Священник Георгий Максимов: Здравствуйте! В эфире передача «Мой путь к Богу». Сегодня у нас в гостях Теймураз Александрович Кристинашвили. Православный человек, бизнесмен. Хотя грузинский народ, как и русский, является православным по культуре и истории, но советский период внес свои коррективы, и многие были оторваны от веры в наших народах. Не могли бы вы рассказать, была ли религиозна ваша семья и как вы начали свой путь к Богу?
Теймураз Кристинашвили: Спасибо, отец Георгий. Действительно, были времена, когда грузином мог именоваться грузин, который был православным, если же он не был православным, то таким людям именоваться грузинами было нельзя. Но те времена канули в Лету, и мы родились и воспитаны были в советский период. Мой папа был научным сотрудником, весьма образованным. Надо отметить, что образование не всегда человеку служит добрую пользу. И вот этот критический взгляд на всё, недоверие, которые иногда порождает образованность, ему были весьма свойственны. То же могу сказать и про свою маму. Она была преподавательницей. В общем-то, вся семья была научного толка, и вопросы веры вообще не поднимались у нас.
Я учился в физико-математической школе, посвящал все свое свободное время занятиям: основным, факультативным, еще каким-то. И мое знакомство с Церковью и приобщение меня к ней случилось одновременно и просто, и необычно. Учитель физики однажды страшно по секрету – это были все-таки 1980-е годы – подарил мне… Новый Завет. И я очень хорошо помню тот момент, когда стал верующим человеком. Я читал Новый Завет… Это была еще ксерокопия, слова еле читались, не всегда правильно. Мне попался синодальный перевод. И вот я его прочитал. И когда я закончил последнюю главу Апокалипсиса, я вдруг испытал такое чувство родства с Богом! Я хорошо помню этот момент, потому что именно тогда стал верующим человеком. Я вдруг обнаружил то, чего мне, весьма юному, не хватало и без чего было сложно жить.
Кстати, у нас дома была огромная библиотека. Поверите или нет: около 20 тысяч книг!

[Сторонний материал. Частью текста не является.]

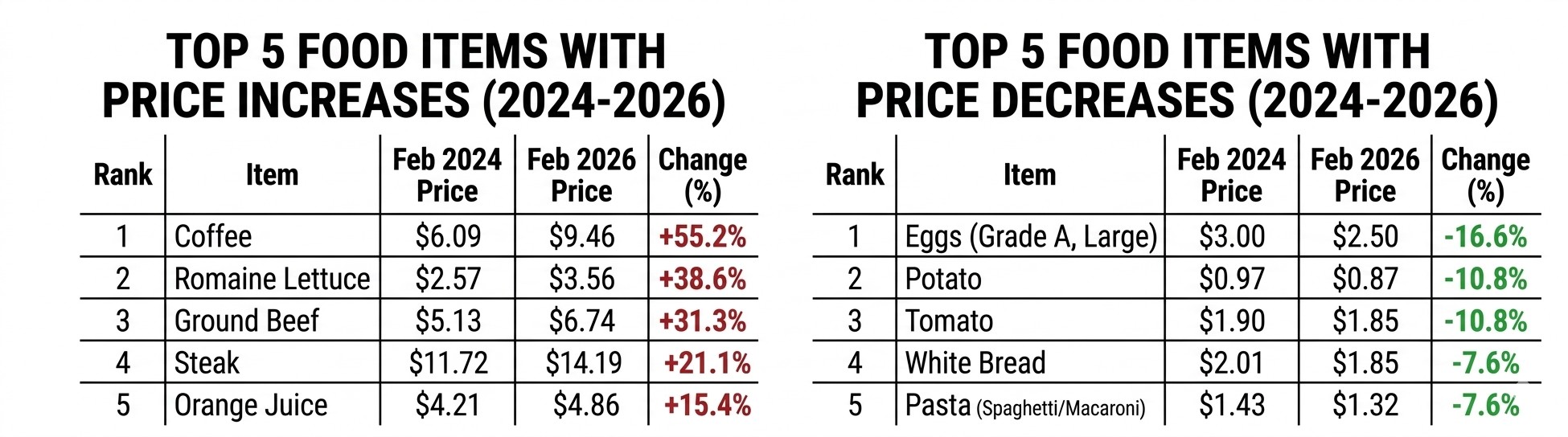 Navigating the supermarket aisles in 2026 feels like a high-stakes game of “Guess the Price Tag.” While the overall US Grocery Prices 2026 data shows a cooling trend for some pantry staples, your morning caffeine fix might just be the most expensive part of your day. A recent analysis by CouponFollow, based on Bureau of Labor Statistics (BLS) data from February 2024 to February 2026, reveals a stark divide: 11 out of 25 major food items have dropped in price, yet the “big ticket” items are still burning holes in wallets.

Отец Георгий: Серьезная библиотека.
Теймураз: И из этих книг мне, в соответствии с моим возрастом и моими интересами, папа выдавал книги по темам, меня интересовавшим. И как-то незаметно для него – или даже при его участии, сейчас уже не могу вспомнить – я вдруг обнаружил тоненькую книжечку «Житие преподобного Сергия». Оно было написано очень простым языком, почти детским. Еще там были основные молитвы: «Царю Небесный», «Отче наш», а также рассказывалось, как себя вести, как молиться за родителей, за болящих, за друзей. Эта была тоненькая книжка. Я вообще-то читал очень много и мог быстро прочесть весьма увесистый том. А эта книга для меня каждый раз открывалась с новой стороны, и я читал ее на протяжении целого года. И вот, когда я ее полностью дочитал, она пропала. Я сначала не обратил на это внимание, подумал: «Наверное, мама отложила куда-то или папа положил ее обратно в шкаф».

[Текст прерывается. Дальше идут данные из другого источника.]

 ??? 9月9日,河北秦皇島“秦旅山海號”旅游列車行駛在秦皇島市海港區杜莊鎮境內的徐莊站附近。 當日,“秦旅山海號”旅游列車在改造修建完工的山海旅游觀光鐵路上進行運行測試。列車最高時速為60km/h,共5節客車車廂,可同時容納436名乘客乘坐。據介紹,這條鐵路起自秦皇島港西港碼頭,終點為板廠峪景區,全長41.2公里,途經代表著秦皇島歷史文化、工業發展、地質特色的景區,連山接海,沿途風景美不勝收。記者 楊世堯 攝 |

Прошло некоторое время, и я стал интересоваться: «А где та книга?» Ни мой брат, ни мама, ни папа, ни близкие родственники, которые к нам часто приходили, эту книгу вспомнить не могли вообще. Я им описывал, как она выглядела. Говорил: «Да как же вы не помните?! Я же при вас ее читал». Они не могли вспомнить. Более того, папа вообще отрицал наличие религиозной литературы в нашей библиотеке…
Вот так произошла моя первая встреча с верой, с Богом.
Отец Георгий: И вы после этого стали посещать храм? Или это случилось позже?
Теймураз: Начались активные поиски. Я утвердился в понимании того, что есть вера, что нужно молиться. И стал искать. Ходил в православный храм, но при этом ничего там не понимал. Был некий языковой барьер. Потому что, как и церковнославянский от русского, церковный грузинский язык несколько отличается от современного грузинского. Даже в написании букв. В общем, полноценно пообщаться со священником, осознанно участвовать в Таинствах у меня не получалось. Но я стоял на богослужениях и молился, как мог. И я чувствовал, что я в правильном месте делаю что-то очень правильное. Это наполняло мою жизнь смыслом.
Как раз тогда во мне родилось стремление к деятельному христианству. Мне захотелось жить не только для себя, но что-то делать ради любви к ближнему, ради Бога. И это желание настолько укоренилось в моем сердце, что присутствует до сих пор, и не дай Бог, чтобы оно как-то угасло. Наверное, людей можно разделить на тех, кто любит больше трудиться, и тех, которые любят больше молиться. Вот я до второй ступени не дорос. Я все еще на той ступени, когда мне хочется больше трудиться для Бога и для людей. Как бы громко это ни звучало, но именно это доставляет радость и то чувство счастья, которое переживает человек на земле.
«Ее молитвы смирили моего отца»
Отец Георгий: А как родители отнеслись к вашему выбору, когда поняли, что вы стали верующим? Вы же не скрывали своих исканий…
Теймураз: Да, я не стал ничего скрывать. И это было очень сложно принять моим родителям. Можно сказать, отец и мать приняли это как крах. Ребенок, который подавал большие надежды, вдруг обратился на такой путь, который для них не то чтобы незнаком… Папа со мной перестал есть за одним столом.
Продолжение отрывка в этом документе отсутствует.